By Joe Walker, Vice Chair of Policy for LCID
Originally published on LabourList
Internationalism, a movement advocating greater economic and political cooperation among nations for the benefit of all, has been a strong tradition within the Labour party from the beginning. Our values and ideals have always looked beyond our shores and have contributed to influencing and shaping Britain’s role in an increasingly interdependent world.
We have a record that we can be proud of. We supported the establishment of the League of Nations in the inter-war years. We backed Indian independence and de-colonisation around the world. We campaigned against apartheid in South Africa. The last Labour Government tripled aid, cancelled debt and rescued the global economy. The recent enshrining of 0.7% into law is something that Labour championed in government, paving the way for that commitment to be honoured after we left office.
In recent times, a lot has been written and debated about the Labour party’s international posture and perspectives since the Iraq war – and what a future government led by Ed Milliband would prioritise.
This debate will take centre stage tonight at an event hosted by the Labour Campaign for International Development, LabourList, and twenty partners from across the Labour movement, to discuss the next Labour Government’s internationalist vision.

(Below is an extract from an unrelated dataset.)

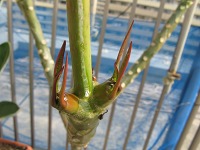 こうして枝の先端にはエイリアンのような葉が出てきています。 |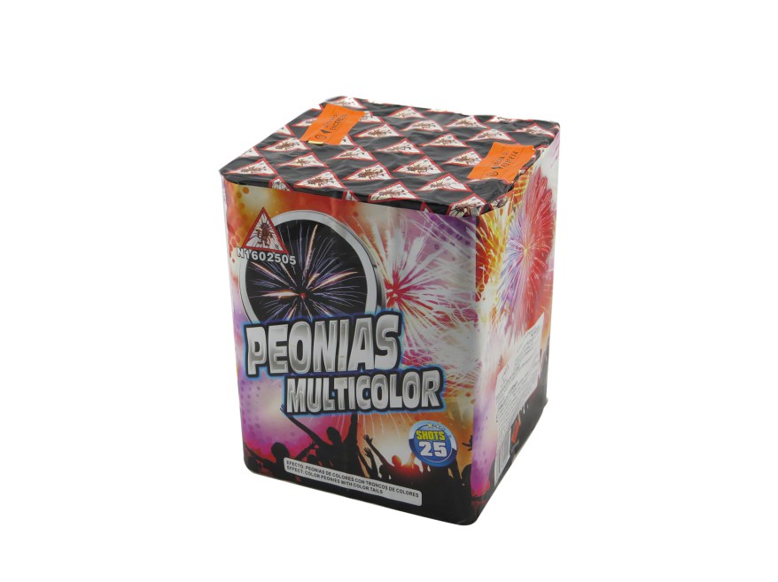 Batería 25 disparos consecutivos de troncos de colores con palmeras de diferentes colores con un gran arrebato final de peonias de colores. CASTILLO PARA LA NOCHE.

Chaired by Mary Riddell, the panel will include Douglas Alexander MP, Mary Creagh MP, Caroline Flint MP and Ian Lucas MP. The panel will be asked: how can Britain once again become a progressive powerhouse, leading global efforts for a more equal, safer, and more prosperous world?

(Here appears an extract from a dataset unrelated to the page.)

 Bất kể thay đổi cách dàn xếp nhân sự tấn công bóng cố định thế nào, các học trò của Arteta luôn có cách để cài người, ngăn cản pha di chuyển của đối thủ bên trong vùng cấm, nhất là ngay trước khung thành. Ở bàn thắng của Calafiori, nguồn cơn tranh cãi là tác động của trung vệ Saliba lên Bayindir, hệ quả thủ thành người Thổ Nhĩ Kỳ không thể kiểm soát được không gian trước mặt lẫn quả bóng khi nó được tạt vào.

Shadow Foreign Secretary, Douglas Alexander has made the case for a ‘progressive internationalism.’ These words will sit easily with many on the left. But what does this mean in reality? Ed Miliband’s idea of ‘responsible capitalism’, for example, can begin to shape this progressive agenda but it can only be achieved on a global scale, broadening the way the global system is governed, focused on cooperation between countries.
Ed Miliband and Mary Creagh gave speeches this month outlying a future Labour Government’s commitment to combating extreme poverty, inequality and climate change. Miliband said: “More than ever Britain and the world need leadership on tackling poverty, inequality and climate change. This is about ensuring the next generation can do better than the last in this country and around the world.” These words reflect the ideals of a progressive internationalist agenda and will be welcomed by many campaigners and activists in this important year for tackling global poverty and combating climate change. But what will they mean in practice? How will Labour make this gear-change?

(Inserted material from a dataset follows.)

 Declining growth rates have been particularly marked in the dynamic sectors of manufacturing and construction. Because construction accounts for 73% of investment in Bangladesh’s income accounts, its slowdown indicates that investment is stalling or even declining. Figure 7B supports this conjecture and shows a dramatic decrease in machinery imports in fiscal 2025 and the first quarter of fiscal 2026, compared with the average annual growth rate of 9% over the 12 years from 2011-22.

These words will also, we hope, chime on the doorstep in the year that Britain goes to the polls. We know that the British media and the public are sometimes critical of Britain’s overseas aid commitments. So it may not feel politically advantageous for Labour to commit to end poverty and inequality in the world.
But Labour must be ready to take strong and sometimes controversial positions based on the principles and the tradition of internationalism and solidarity within the party. And there are plenty of potential voters – in the diaspora, young people, students, faith groups – for whom this matters.
In his tribute at Nelson’s Mandela’s funeral in 2013, President Obama’s challenge to the world was this: “There are too many of us who happily embrace Madiba’s legacy of racial reconciliation, but passionately resist even modest reforms that would challenge chronic poverty and growing inequality.”
The Labour party should listen to these words.
On Monday night you can come and listen to the men and women who will be leading the next Labour Government’s global agenda and reshaping Britain’s role in the world, driven by collectivism, solidarity and social justice.